Let $(R, \mathfrak m, k)$ be a regular local ring of dimension $2$. Note that Hom$_R (k, M)$ is a finite dimensional $k$-vector space for any finitely generated $R$-module $M$ and Hom$_R (k, R/I) \cong (I:\mathfrak m)/I$ for any ideal $I$.
Then, is it true that $1+ \dim_k$ Hom$_R(k, R/I)=\mu (I) $ ?
Note that $\mu (I)=\dim_k I/I\mathfrak m$.
Also, note that if $\mu(I)=n$, then $I$ has a minimal free resolution $0\to R^{n-1}\to R^n \to I\to 0$ . So in particular one also has a minimal free resolution $0\to R \to R^2 \to \mathfrak m \to 0$ . I'm not sure whether these are helpful in the context or not.
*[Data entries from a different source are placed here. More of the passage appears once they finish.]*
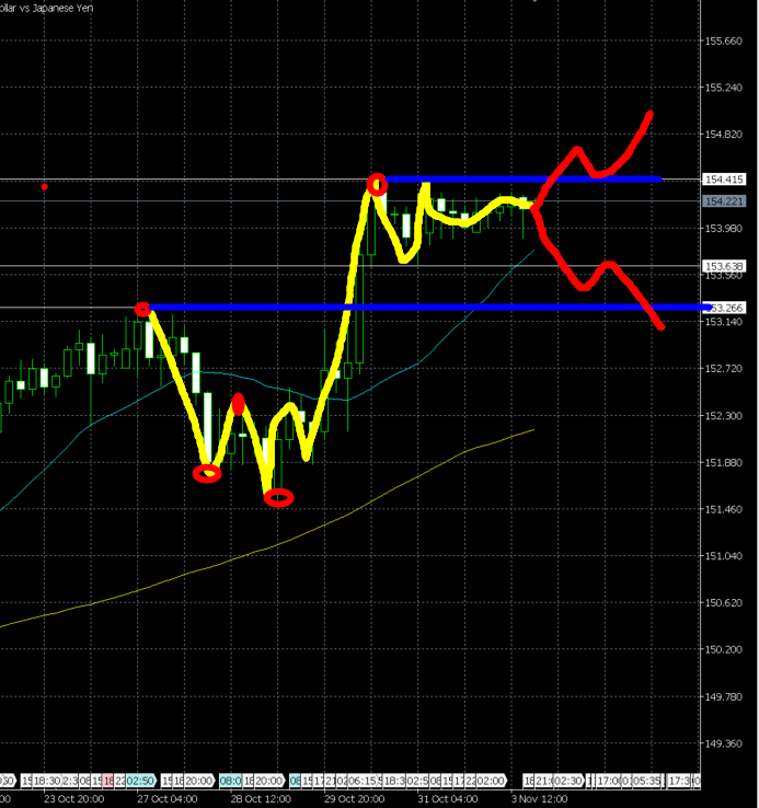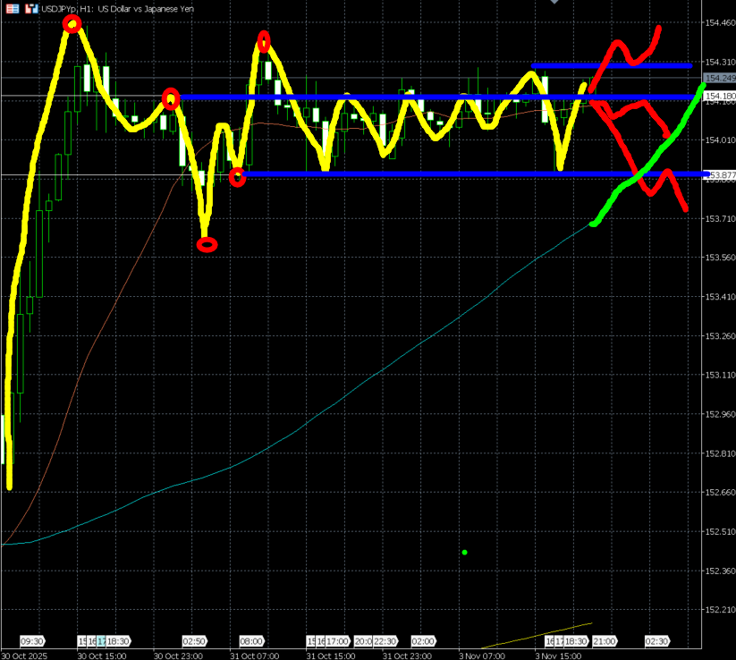 エントリー戦略: 1時間足のレンジ抜けを実体で確認して、エントリーして4時間足の節目を実体で抜けなければ撤退。
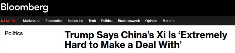 FX168财经报社(亚太)讯 美国总统特朗普(Donald Trump)深夜在社交媒体上发帖称,与中国国家主席习近平达成协议非常困难,美国彭博社报道称,这令两位领导人立即通话的可能性变得渺茫。
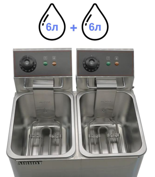 Фритюрница имеет 2 ванны объемом по 6 литров каждая.
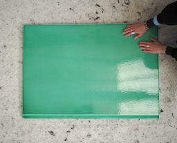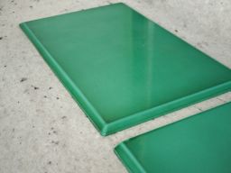 Eléments extraits d’un plan de travail en pierre de lave émaillée, de couleur vert émeraude.
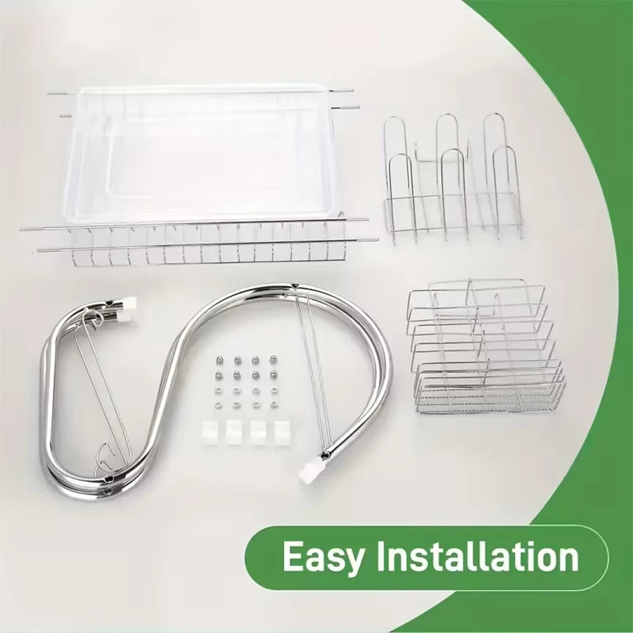 Heavy Duty 2-Layer S-Shaped Stainless Steel Dish Dryer, with Cup-Shaped Drain, Space-Saving Curved Design and Top and Bottom Countertop, Dishwasher Safe, Anti-Rust, Easy to Clean (40X25X36Cm)
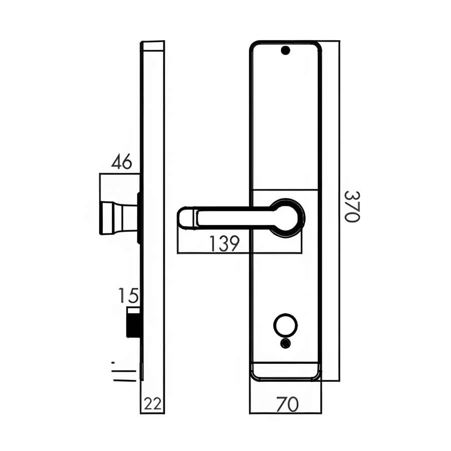 Kích thước thân khóa ngoài: R 70× C 370× D 22 mm.

This is correct. Starting with $0\to I\to R\to R/I\to 0$, you get $\mathrm{Hom}(k,R/I)=\mathrm{Ext}^1(k,I)$, since $\mathrm{Ext}^1(k,R)=0$. From the exact sequence you have written, one has $0\to\mathrm{Ext}^1(k,I)\to\mathrm{Ext}^2(k,R^{n-1})\to\mathrm{Ext}^2(k,R^n)$. The last map is zero, since all are $k$-vector spaces and the minimality of the resolution says that all the entries in the map (thought of as a matrix over $R$, say) are in the maximal ideal. Now, $\mathrm{Ext}^2(k,R)=k$ and so you get $\dim_k\mathrm{Hom}(k,R/I)=\dim_k\mathrm{Ext}^1(k,I)=\dim_k\mathrm{Ext}^2(k,R^{n-1})=n-1$.